DATA SUPPLIED: Begin

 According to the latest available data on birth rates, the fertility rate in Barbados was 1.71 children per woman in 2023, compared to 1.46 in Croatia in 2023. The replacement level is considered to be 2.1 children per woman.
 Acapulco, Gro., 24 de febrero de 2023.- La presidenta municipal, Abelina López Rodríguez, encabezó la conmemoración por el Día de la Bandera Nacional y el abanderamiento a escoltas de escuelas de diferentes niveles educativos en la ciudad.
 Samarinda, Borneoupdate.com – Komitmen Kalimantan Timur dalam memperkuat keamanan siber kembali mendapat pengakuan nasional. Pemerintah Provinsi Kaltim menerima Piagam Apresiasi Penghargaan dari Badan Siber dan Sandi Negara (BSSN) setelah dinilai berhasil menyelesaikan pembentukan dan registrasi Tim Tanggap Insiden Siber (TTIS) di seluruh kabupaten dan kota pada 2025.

DATA SUPPLIED: End
DATA SUPPLIED: Begin

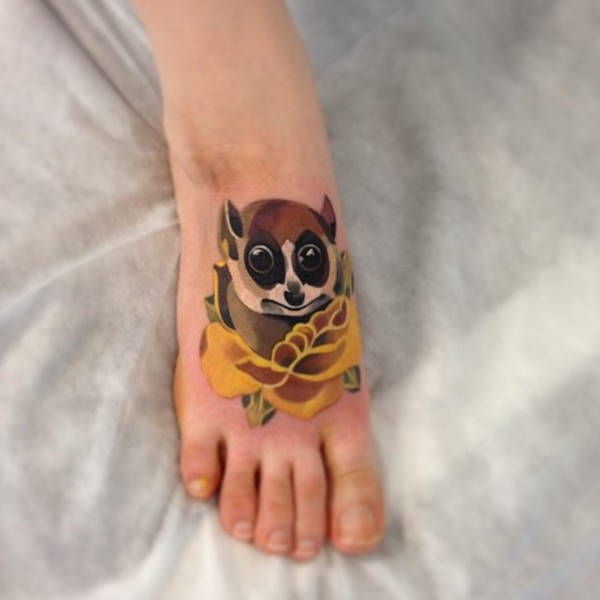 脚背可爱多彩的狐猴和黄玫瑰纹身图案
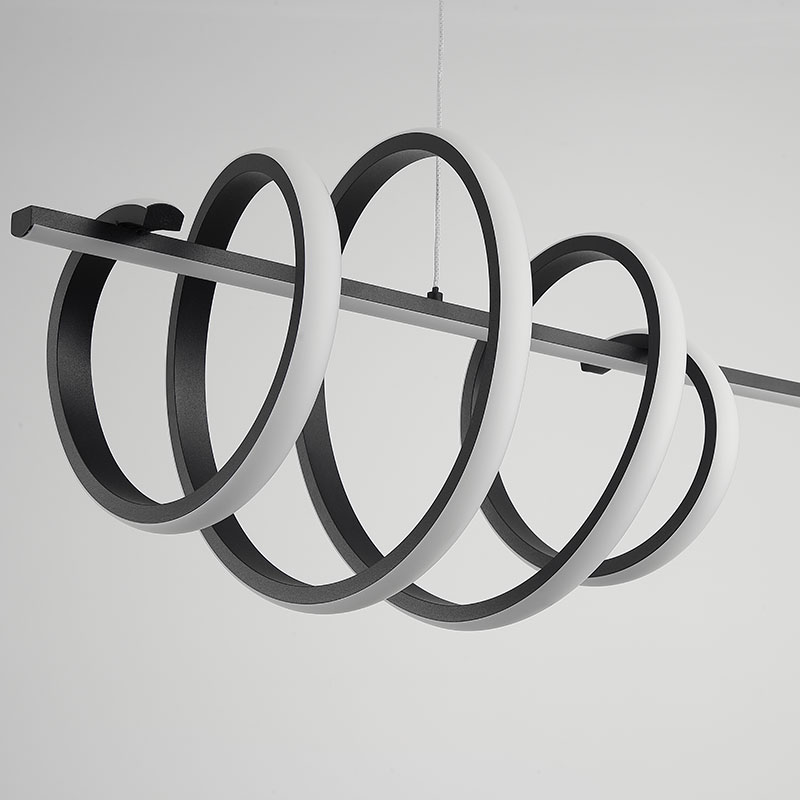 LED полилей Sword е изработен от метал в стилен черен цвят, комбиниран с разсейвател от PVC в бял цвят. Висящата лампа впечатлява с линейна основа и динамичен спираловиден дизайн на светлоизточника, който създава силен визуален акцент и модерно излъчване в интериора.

DATA SUPPLIED: End

DIRECTIONS FOR THIS TASK:
Every line above between the one containing "脚背可爱多彩的狐猴和黄玫瑰纹身图案" and the one containing "LED полилей Sword", those two included, is to be printed exactly. No pictures go into the copy.

YOUR SOLUTION:
 脚背可爱多彩的狐猴和黄玫瑰纹身图案
 LED полилей Sword е изработен от метал в стилен черен цвят, комбиниран с разсейвател от PVC в бял цвят. Висящата лампа впечатлява с линейна основа и динамичен спираловиден дизайн на светлоизточника, който създава силен визуален акцент и модерно излъчване в интериора.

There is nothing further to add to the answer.